比例付与の対象となるのは、所定労働時間が週30時間未満であることに加え、「週あたりの所定労働時間が4日以下」もしくは「年間の所定労働日数が216日以下」の労働者です。
このうち、週所定労働日数が4日で、年間の所定労働日数が169~216日の労働者は、継続勤務年数が3年6カ月以上ある場合に付与日数が10日以上となります。
また、週所定労働日数が3日で、年間の所定労働日数が121~168日の労働者は、継続勤務年数が5年6カ月以上ある場合に付与日数が10日以上となります。
上記二つの条件にあてはまる労働者は、付与日数が10日以上となるため、義務化の対象です。
有給休暇義務化の規定と罰則の内容
年次有給休暇を確実に取得させるため、2019年4月から取得の義務化が適用されています。厚生労働省のHPから読み取れる、義務化の規定と罰則について解説します。
年5日の年次有給休暇の取得
年次有給休暇が10日以上付与される労働者に対しては、年間5日の有給休暇を労働者に取得させることが義務化されています。
この義務を怠った企業は、労働基準法第120条の罰則規定により、30万円以下の罰金が科されることがあります。
罰則は企業単位ではなく、労働者1人につき1罪です。違反の対象となる労働者が多いほど、罰金額も多額になります。
出典:労働基準法
時季指定を行う旨の就業規則への記載
企業が作成する就業規則には、必ず記載しなければならない『絶対的必要記載事項』が、労働基準法第89条で定められています。
有給休暇の取り扱いに関する事項は、絶対的必要記載事項の一つです。企業は年次有給休暇の時季指定を行う旨を、就業規則に記載しなければなりません。
時季指定の対象となる労働者の範囲や時季指定の方法などについて、就業規則に記載がない場合、労働基準法第120条の罰則規定により、企業に30万円以下の罰金が科される場合があります。
出典:年次有給休暇の時季指定
労働者の請求する時季における付与
企業が時季指定を行う際は、労働者から聴取した意見を尊重し、できるだけ労働者の希望に沿った取得時季になるよう努めることが義務付けられています。
意見の聴取方法は、労働者との面談をはじめ、年次有給休暇取得計画表・メール・システムを利用した方法など、企業が任意で定めた方法が認められています。

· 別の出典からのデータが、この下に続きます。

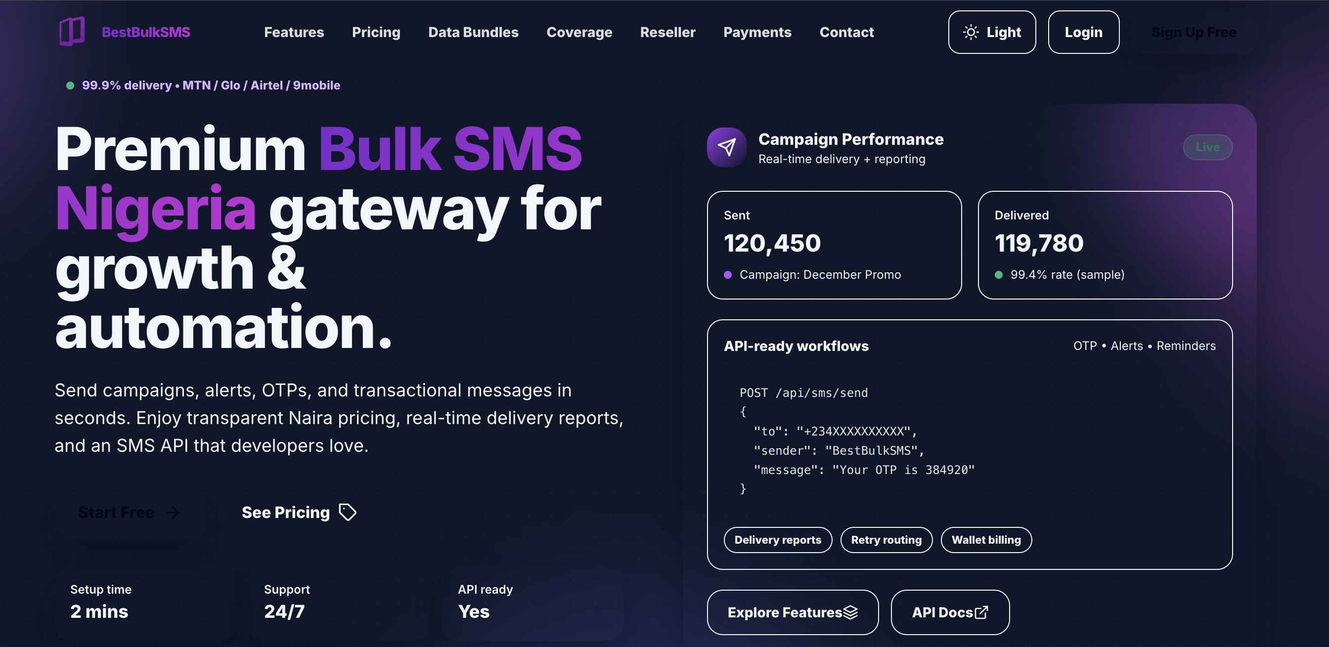 Transactional + bulk messaging with routing, templates, scheduling, and analytics—optimized for reach.

労働者が請求する時季に所定の年次有給休暇を取得させなかった場合、労働基準法第119条の罰則規定により、企業に6カ月以下の懲役または30万円以下の罰金が科されることがあります。
通達のポイント
有給休暇義務化に関する厚生労働省の文書には、時季変更や半日・時間単位での休暇取得についても言及しています。それぞれについて詳しく見ていきましょう。
時季変更権について
労働者との合意において決定した有給休暇の取得日は、時季変更権の行使により企業側が時季を変更できます。
ほかの従業員の病欠で人員の確保が難しくなったり、多数の従業員の希望有給取得日が同じ日に重なったりするなど、正常に事業を進められなくなった場合に、時季変更権の行使が認められるのです。
なお、労働者が既に年5日以上の年次有給休暇を請求・取得している場合、企業はその労働者に対して時季指定を行う必要がありません。
また、年次有給休暇の取得を労働者本人が希望せず、時季指定を行っても実際には出勤し、企業がその労働を受領した場合には、法律違反を問われます。
半日や時間単位での取得について
年次有給休暇の取得は1日単位で取得することが原則ですが、労働者が希望すれば半日単位で年次有給休暇を与えられます。
ただし、義務付けられている年5日の有給休暇は、1日単位で与えなければなりません。
労働者が時間単位での休暇取得を希望した場合も、年5日を上限とし、時間単位休暇を認めることが可能です。この場合も、義務化された年5日の休暇は対象になりません。
半日や時間単位での取得も認めつつ、まとまった日数の休暇を取得するという本来の趣旨を守るために、義務化された年5日は1日単位での取得を求められています。